We strongly recommend these options while using selective alignment, as they tend to produce superior result almost always (I am considering them making default soon :) )

Please let me know if you face problem in any of the above steps, or if the results are not expected. Thanks again for using selective alignment and Salmon.

InesdeSantiago commented 6 years ago

@hiraksarkar Thanks! So, apart from the extra options (softFilter, editDistance, rangeFactorization) the only difference is the indexed genome file?

hiraksarkar commented 6 years ago

@InesdeSantiago That is correct. Just to make it sure, Salmon is not designed for the genome, so probably you want to use it only with transcriptome.

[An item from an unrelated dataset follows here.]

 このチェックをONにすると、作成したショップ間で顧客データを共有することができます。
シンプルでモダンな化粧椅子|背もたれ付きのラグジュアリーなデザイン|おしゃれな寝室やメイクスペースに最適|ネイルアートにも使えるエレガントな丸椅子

InesdeSantiago commented 6 years ago

@hiraksarkar. Yes, force of habit, I meant the transcriptome! ;-)

RaymondSHANG commented 5 years ago

Hi, I have a similar case, with 30~40% mapping rate by Salmon. I tried hisat2, the mapping rate goes to >80%. samtools sort the sam files to bam, and them qualimap2 gives me the QC results:

Exonic: | 31,212,828 / 41.39% Intronic: | 39,191,136 / 51.97% Intergenic: | 5,008,406 / 6.64% Intronic/intergenic overlapping exon: | 6,243,753 / 8.28%

There is not too much DNA contamination, but a large portion of intronic mappings. What can I do with these data? Any suggestions?